Here is what these extraordinarily big numbers bring to humanity:

• Theoretical Exploration: Mathematicians and scientists often work with large numbers to explore the limits of mathematical and computational systems. Investigating the properties and behaviors of numbers at extreme scales can help in the development of mathematical theories and computational algorithms.
• Conceptual Understanding: Large numbers are sometimes used to illustrate concepts related to scale, size, and orders of magnitude. They help people grasp the vastness or minuteness of certain quantities. For example, in cosmology, large numbers are used to describe the size and age of the universe.
• Representation of Possibilities: In probability theory and combinatorics, super huge numbers are used to represent the number of possible outcomes or combinations. For instance, when calculating the number of ways to arrange a deck of cards or the possibilities in quantum physics, these large numbers can be useful.
• Thought Experiments: Theoretical physics and cosmology often involve thought experiments that require considering extreme scenarios. Large numbers come into play when exploring ideas related to the nature of the universe, the behavior of particles, or the possibilities of extraterrestrial life.
• Mathematical Challenges: Large numbers are sometimes used in mathematical puzzles and challenges. These numbers can present intriguing problems for mathematicians and enthusiasts to explore.
• Illustrating Limits: Super huge numbers are sometimes used to illustrate the limits of our understanding or our computational capabilities. They demonstrate that certain calculations or measurements are beyond the practical scope of current technology or knowledge.

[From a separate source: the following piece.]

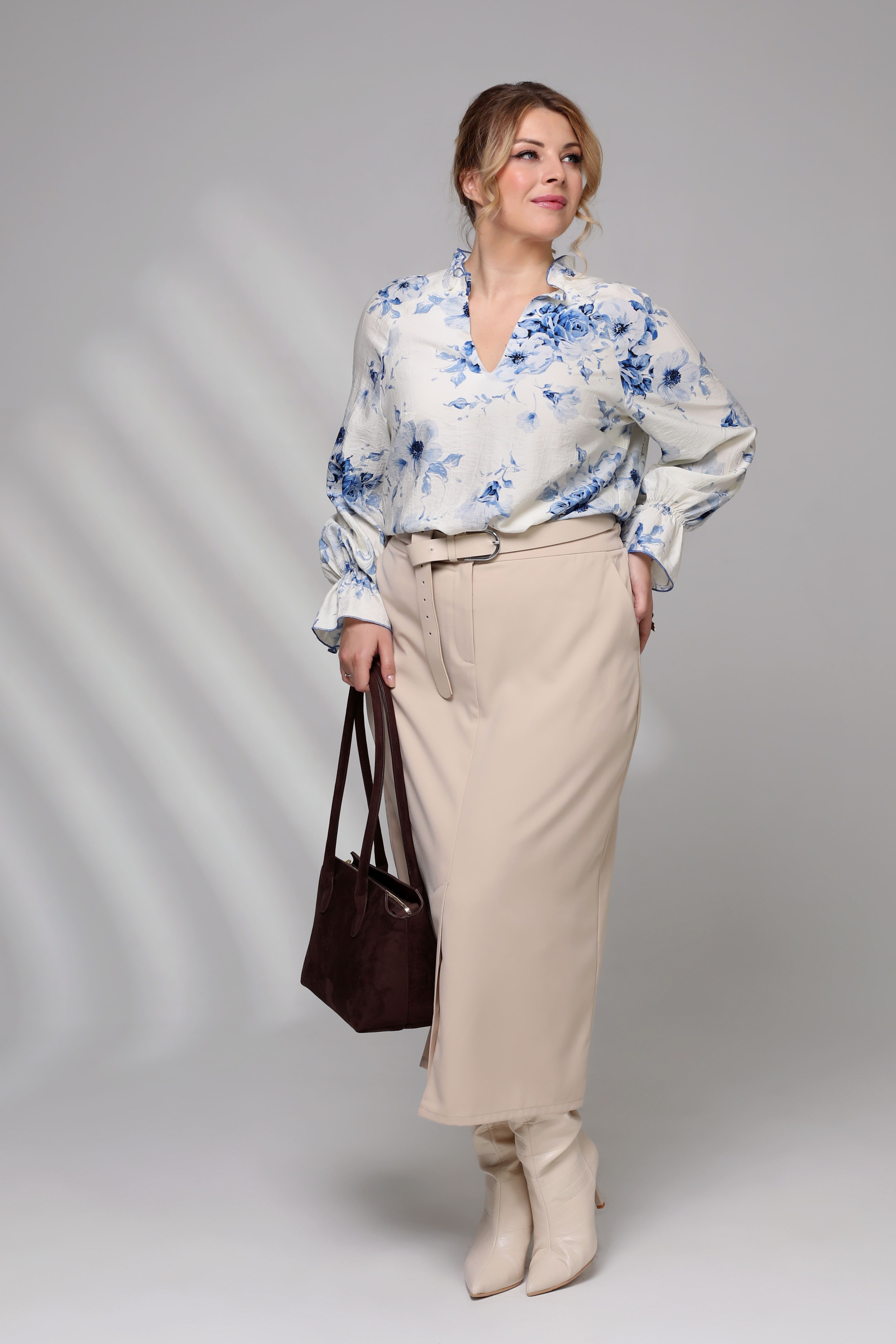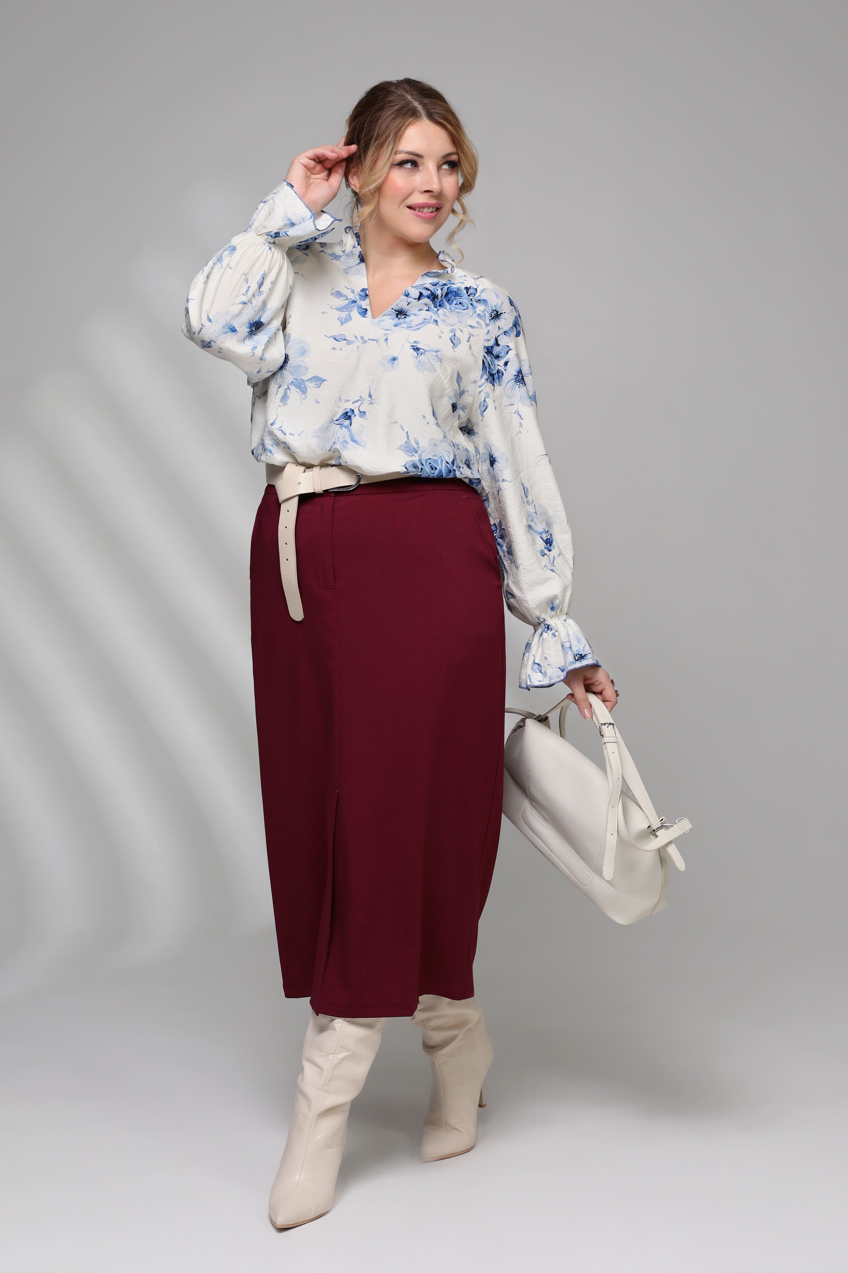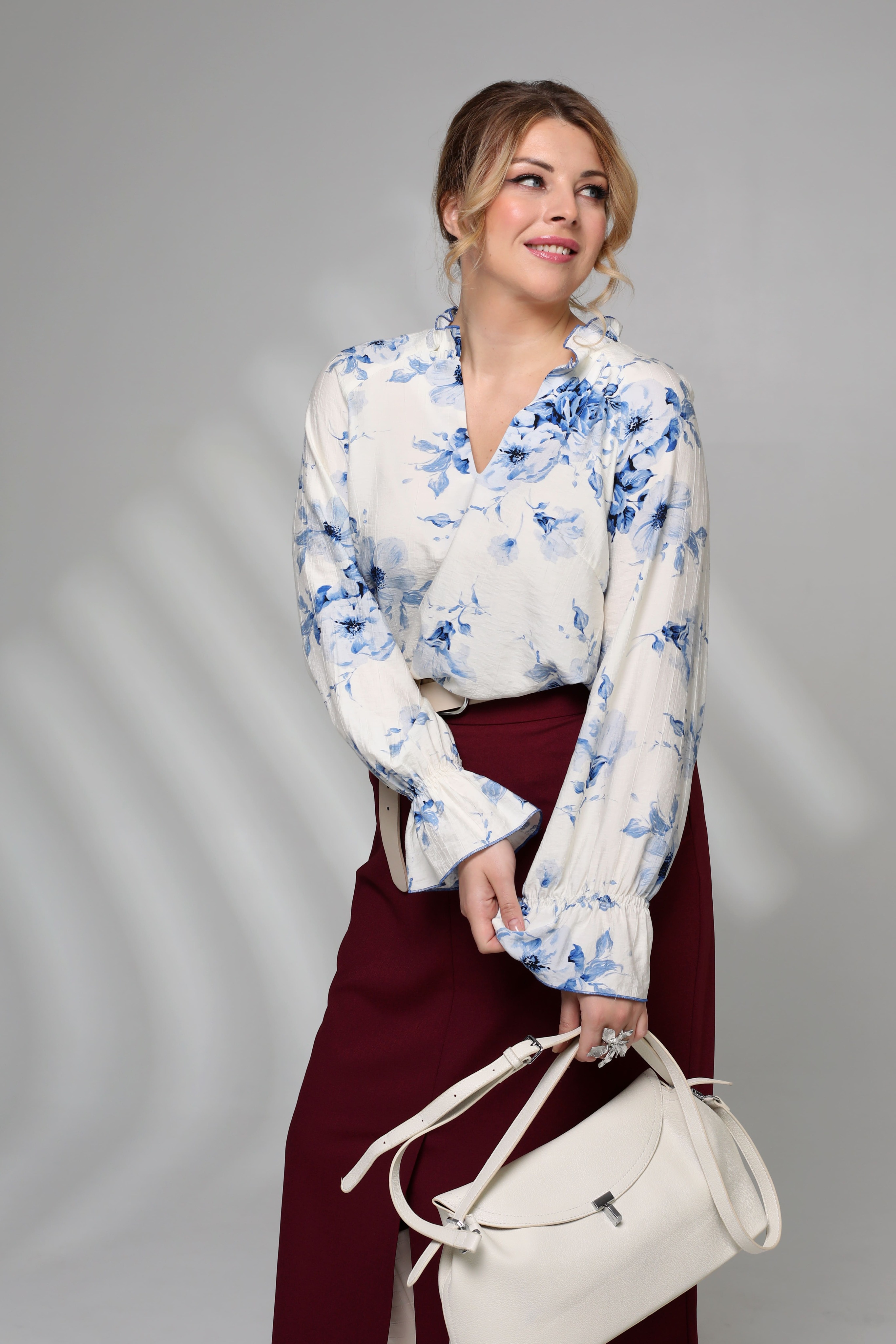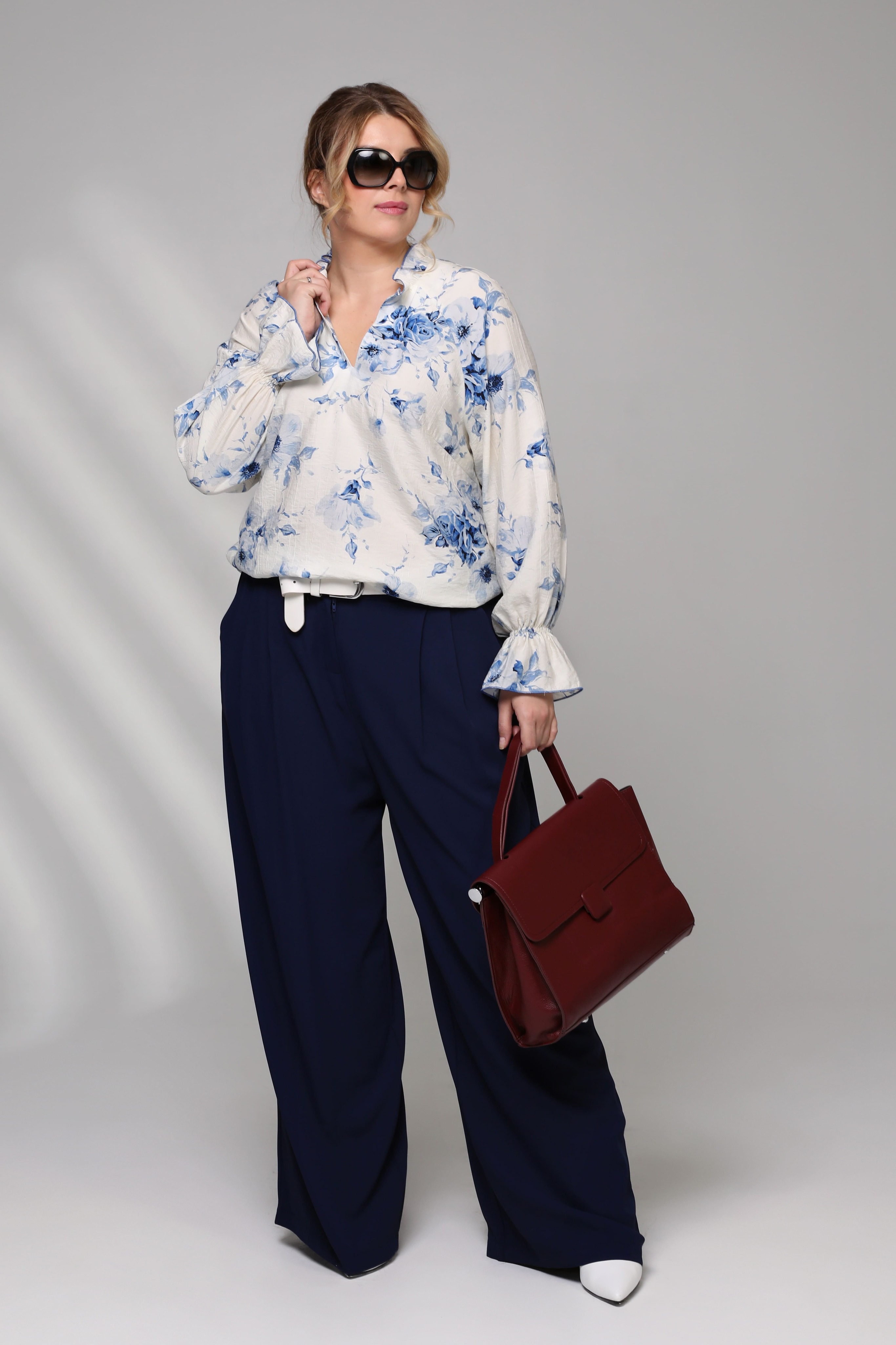 Изящная блузка, украшенная v-образным вырезом, притягивающим взгляд своей утонченностью и элегантностью. нежные рюши на воротнике добавляют образу романтичности и женственности. рукава с объемными оборками придают модели особый шарм и оригинальность. центральным элементом дизайна становятся крупные цветы насыщенного синего цвета, создающие контраст с белой основой и придающие изделию особую выразительность и стиль. эта блузка станет идеальным выбором для создания нежного, романтического образа, подчеркивающего индивидуальность и привлекательность обладательницы.

These extremely large numbers may not always have immediate practical applications in daily life. But they still play a vital role in advancing our understanding of mathematics, science, and the universe. They serve as tools for theoretical exploration, problem-solving, and conceptualization, helping researchers and scientists push the boundaries of human knowledge.

What is a Googol?

There are also other fun names for numbers. For example, the so-called Googol.

Well, it has nothing to do with Google.

One googol is a mathematical term denoting one followed by 100 zeroes. And one googolplex is one followed by one googol zeroes.

It is an exceptionally large and almost incomprehensible number – although not the largest of them all.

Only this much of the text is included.